As odd as this recommendation may sound, one could do worse, far worse, than to return to Poe's poem Annabel Lee after completing this massive opus in order to gain a sort of perspective, whether one likes the poem or not, perhaps particularly if one does not.
The greatest novel in 20th century English litterature Anthony Powell has been dubbed "the English Proust". Having read both Proust and Powell, I think it would be more accurate to say that Proust is the French Anthony Powell, A.P. being, in my opinion, by far the more accomplished writer. I remember reading a caption to the effect that after reading Powell's works, returning to other writers's required an effort of the will. This is exactly how I felt after enjoying Dance. The manyfold characters of Dance have now become more real to me than most people I've know in my life and it is fair to say that A.P. belongs to that category of rare writers who can change your outlook on life. An abridged audio version of Dance is available (read by Simon Callow) but it is on audiocassette and out of stock. I hope this or another audio version will be made available in more modern form (CD etc.) for those who like the spoken word too.
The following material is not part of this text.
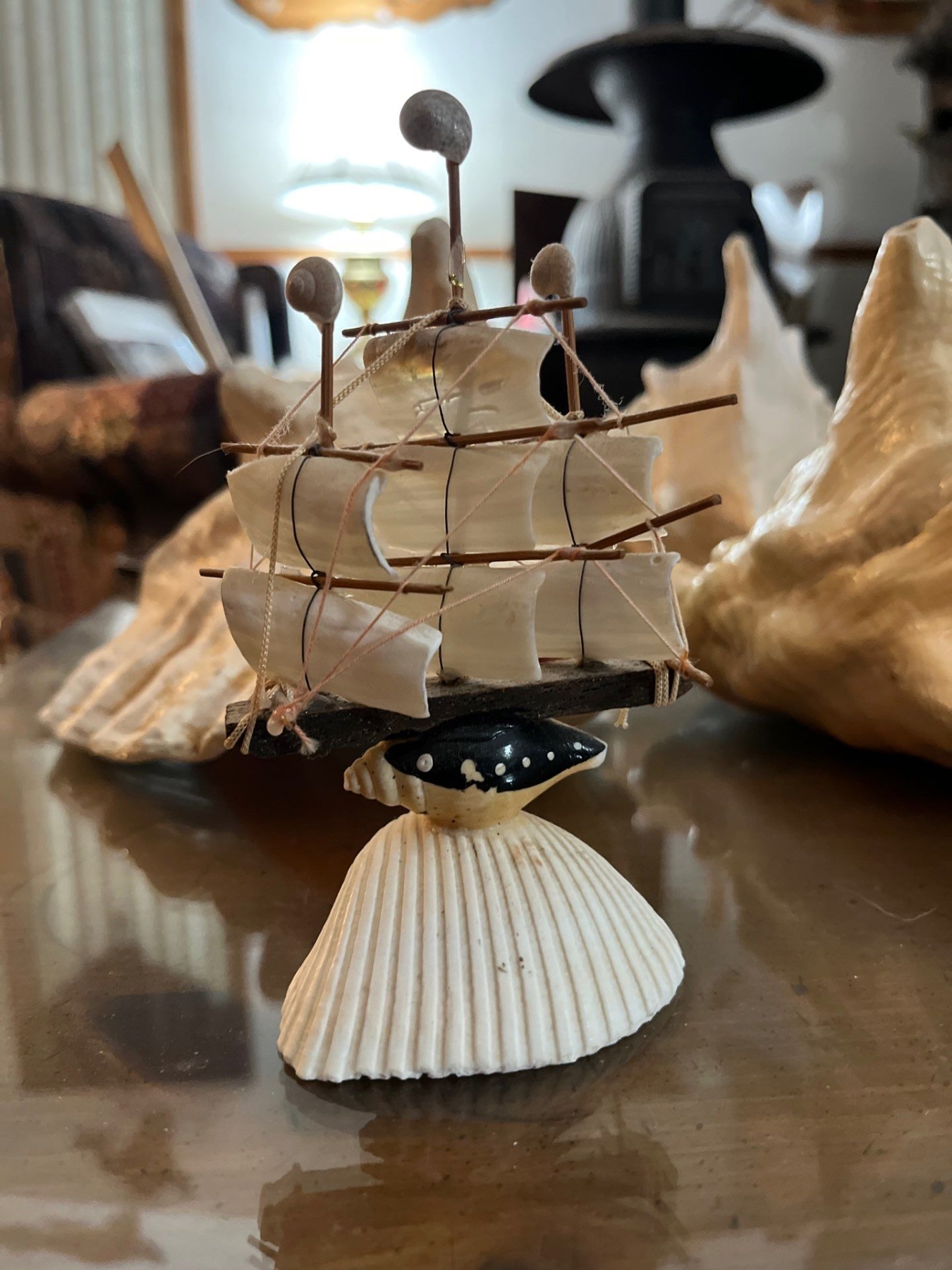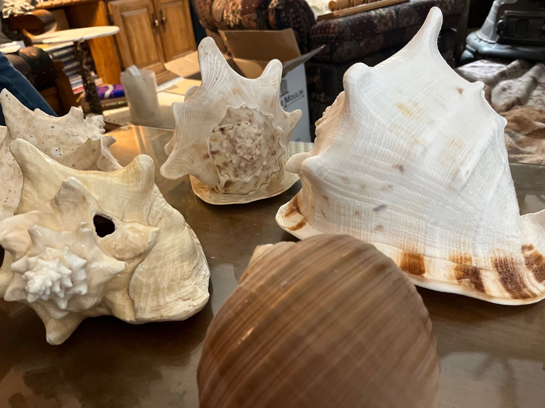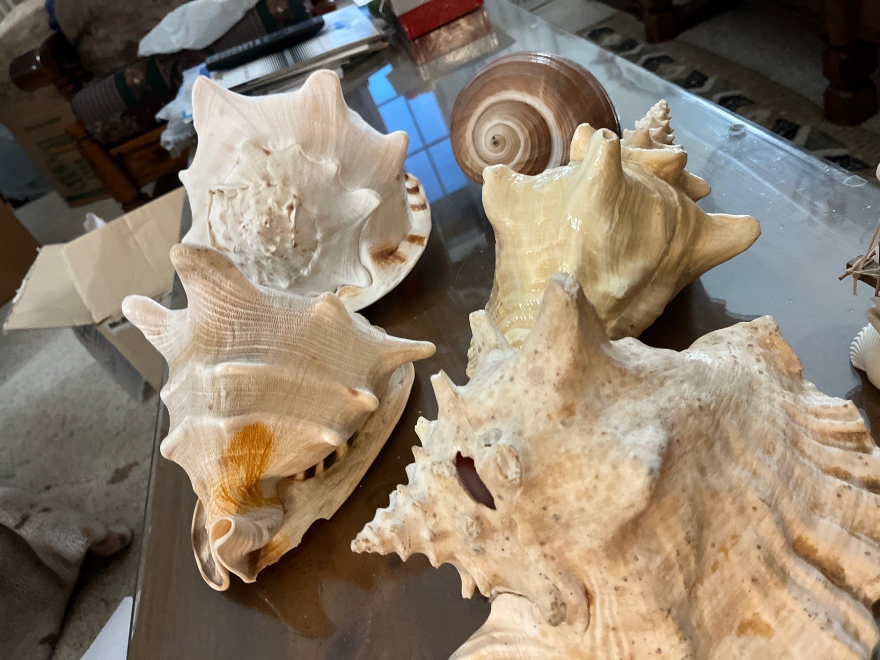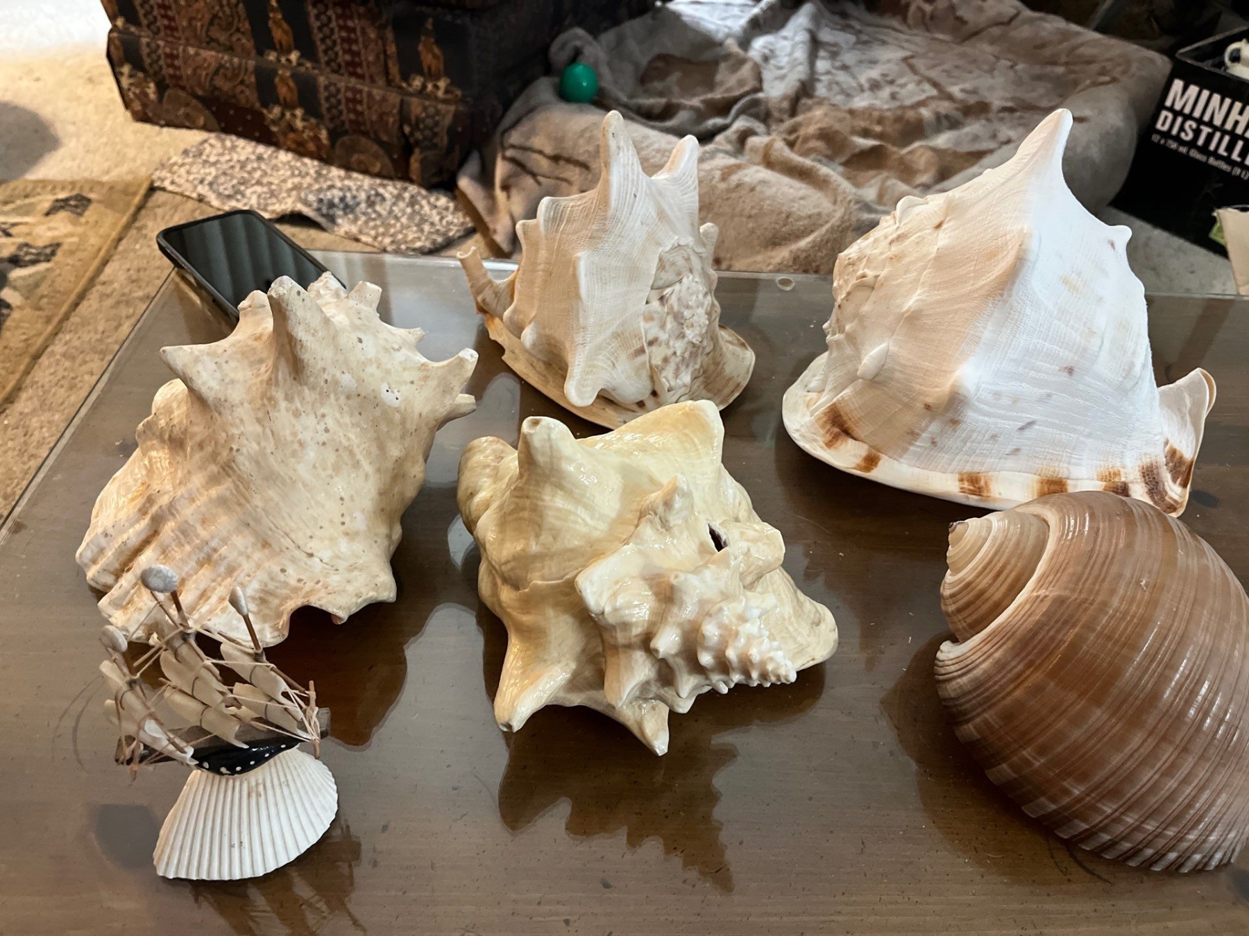authentic conch, shells 4 in total with giant snail shell and small shell sailboat.

I can't get enough of Dance, whether it be text, sound or TV series.
I agree with a previous reviewer that the later volumes of Dance are weaker than the earlier, and I wish Powell had chosen something more mainstream than necrophilia to pepper his tale of the fifties. But as A.P. himself wrote in his memoirs: with every writer there's something to put up with. "Dance" is too good to deserve less than five stars on account of a somewhat bizarre last part.
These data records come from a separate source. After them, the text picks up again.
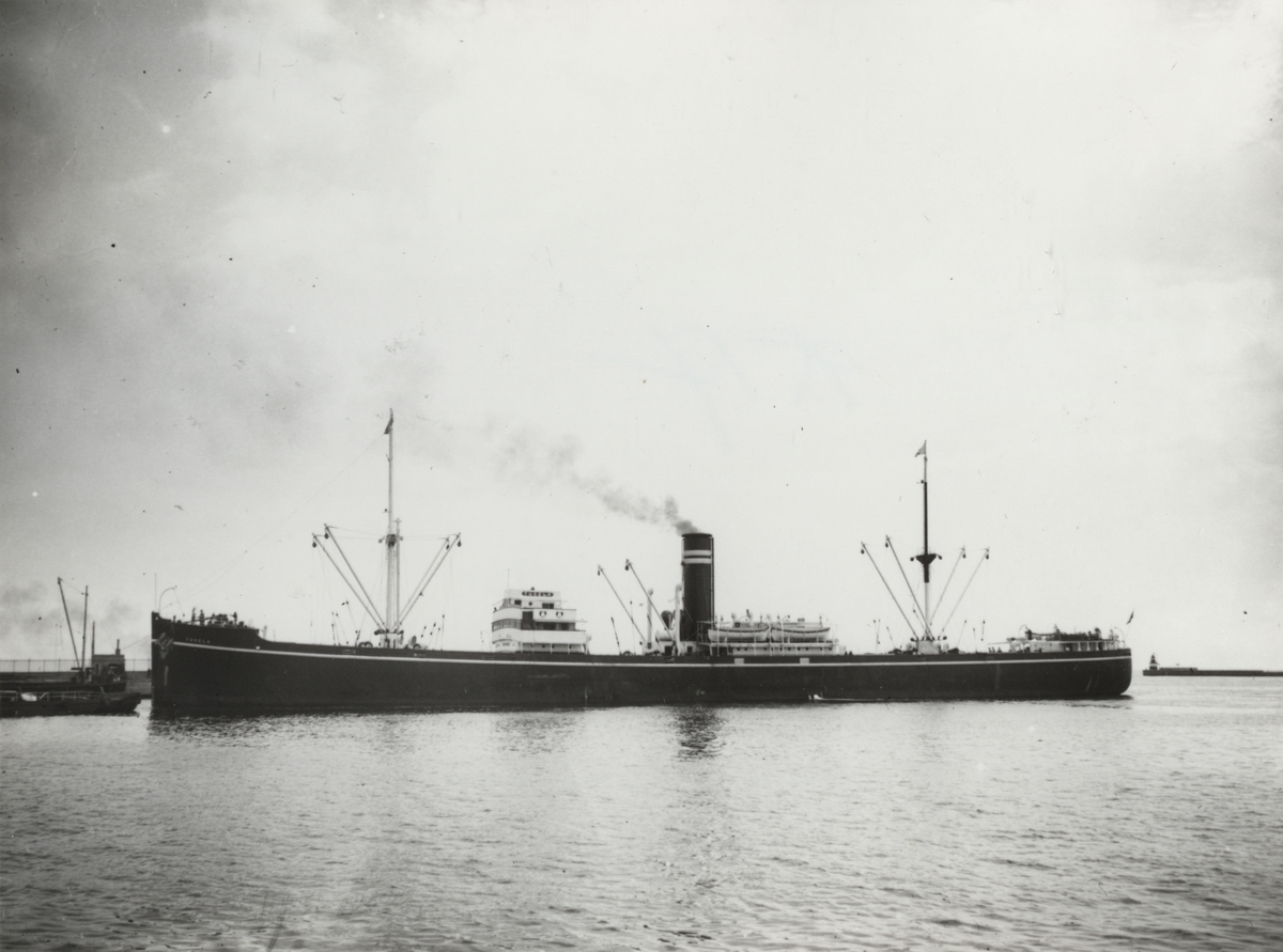 Foto i svartvitt visande lastångfartyget "TUGELA" i Köpenhamn under 1940-talet.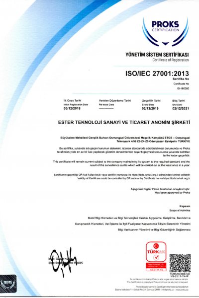 - Ester Teknoloji, Bilgi Güvenliği Yönetim Sistemi tüm faaliyetlerinin güvenlik ve güvenilirlik esasları doğrultusunda, ISO/IEC 27001:2013 ile uyumlu yürütülmesini garanti altına alır.
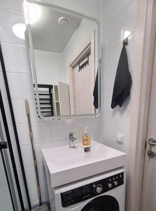 В квартире сделан современный ремонт, есть вся необходимая мебель. Из техники в вашем распоряжении кондиционер, холодильник, телевизор и стиральная машина.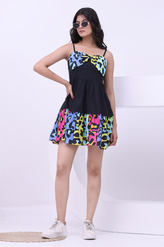 Leopard Bow Charm A-line Sleeveless Tier Dress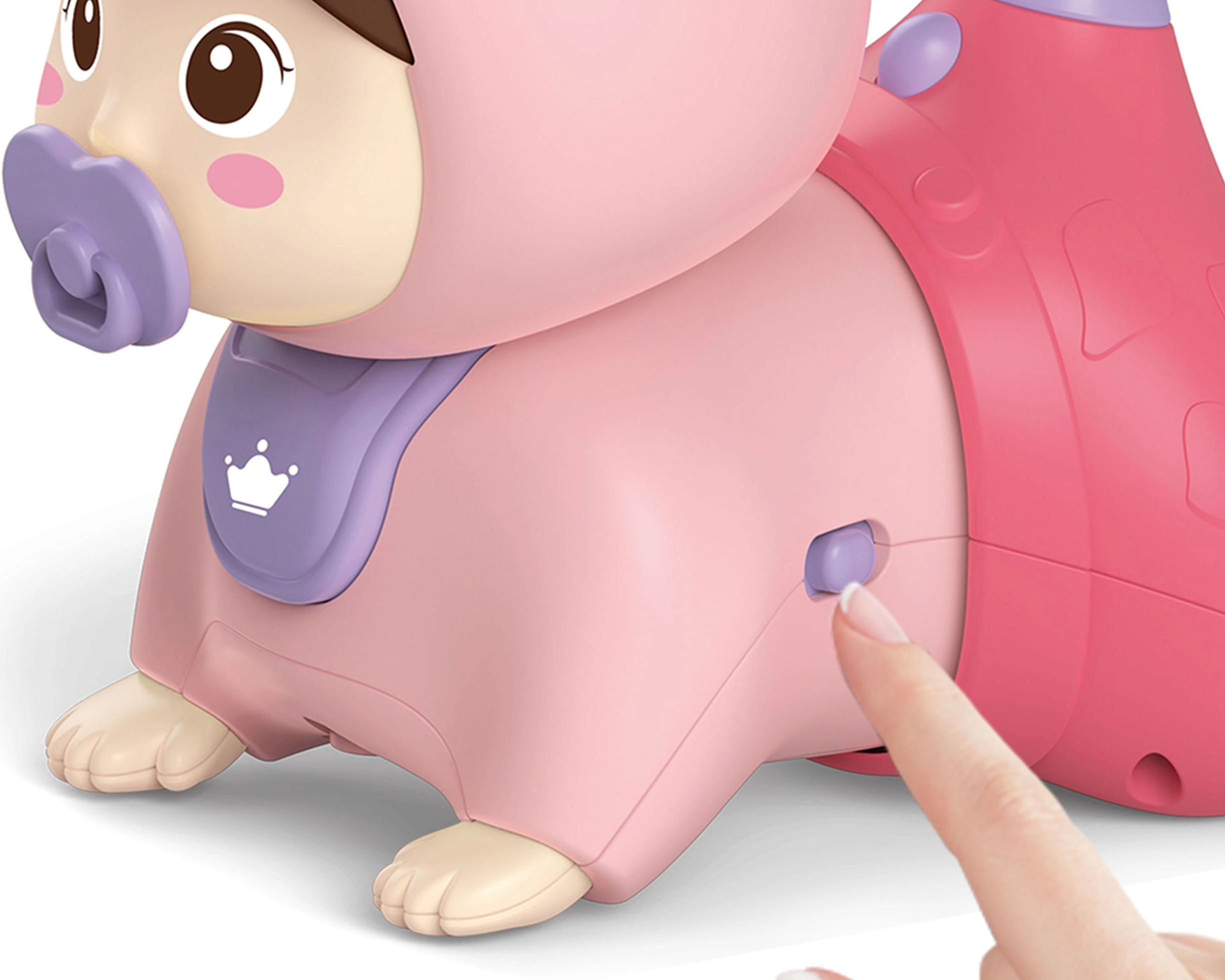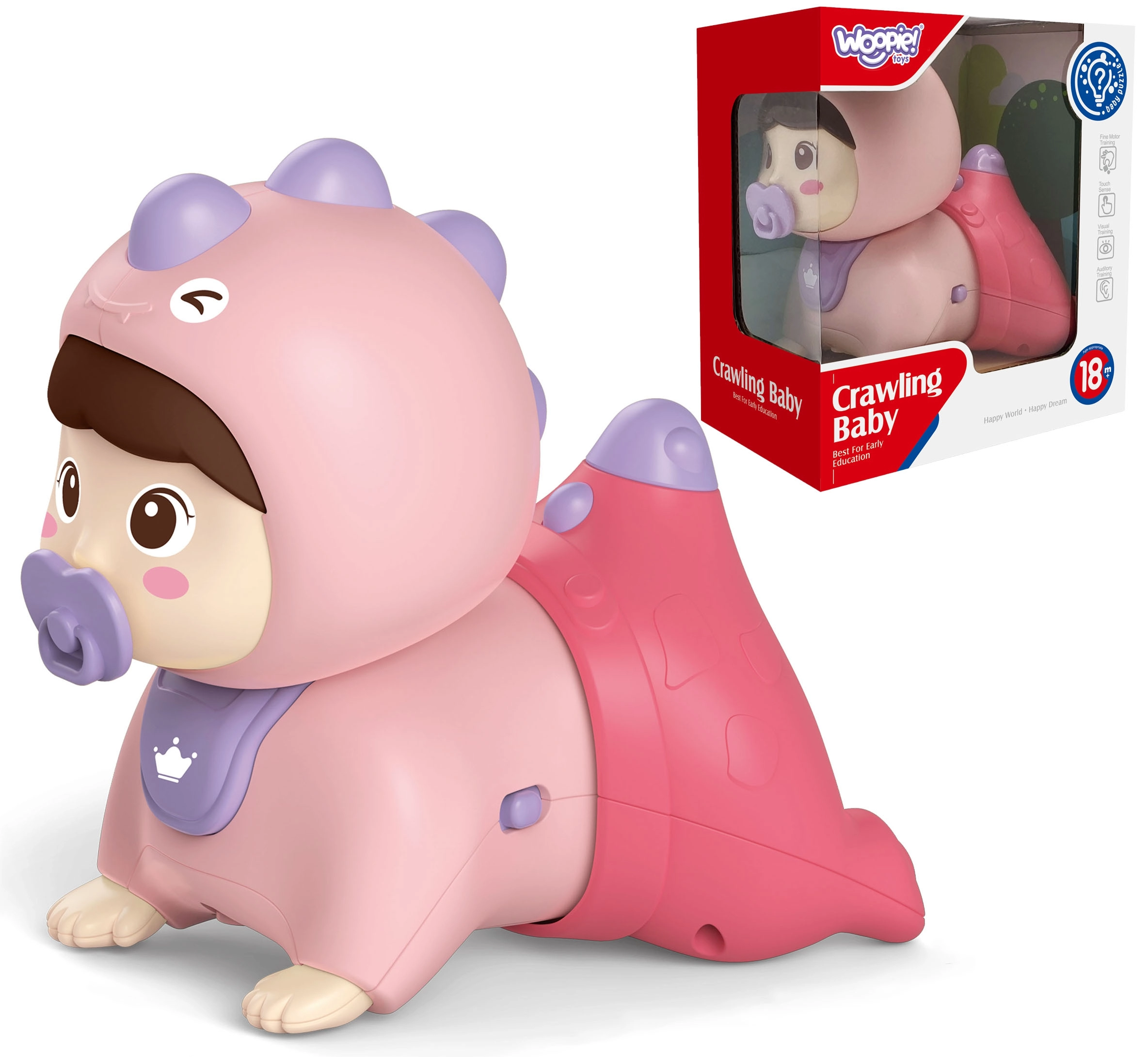 Ropojantis WOOPIE kūdikis su mielu gyvūnėlio kostiumėliu sudomina vaikus iš pirmo žvilgsnio. Interaktyvus mygtukas įjungia melodijas ir šviesos efektus, kurie kviečia vaiką sekti žaislą ir taip natūraliai skatina jo judėjimo raidą bei koordinaciją.

A BAD END to a DELIGHTFUL SERIES I thoroughly enjoyed reading the Dance series for a graduate level course over the summer of 2003....until I got to the last volume. In my opinion the books peaked with the sixth, "The Kindly Ones" and finshed delightfully at book nine "The Military Philosophers". Most major character lines were completed and the story had reached a logical and chronological end. For this reason Volume Four reads like a long and arduous addendum. The new characters are unappealing and the loss of the most interesting personalities from the prior three volumes is immense. Further, a personal irritation of mine is the continued use of archaic verse lifted from often bad and lugubrious poetry. Powell is indiscrimant in adding pages from irrelevant works while not advancing the story line. Did he write these last three novels to augment his income as he approached his later years? Regardless they alloy this otherwise delightful series. DO YOURSELF A FAVOR, END AT BOOK 9, DON'T BOTHER WITH THIS VOLUME.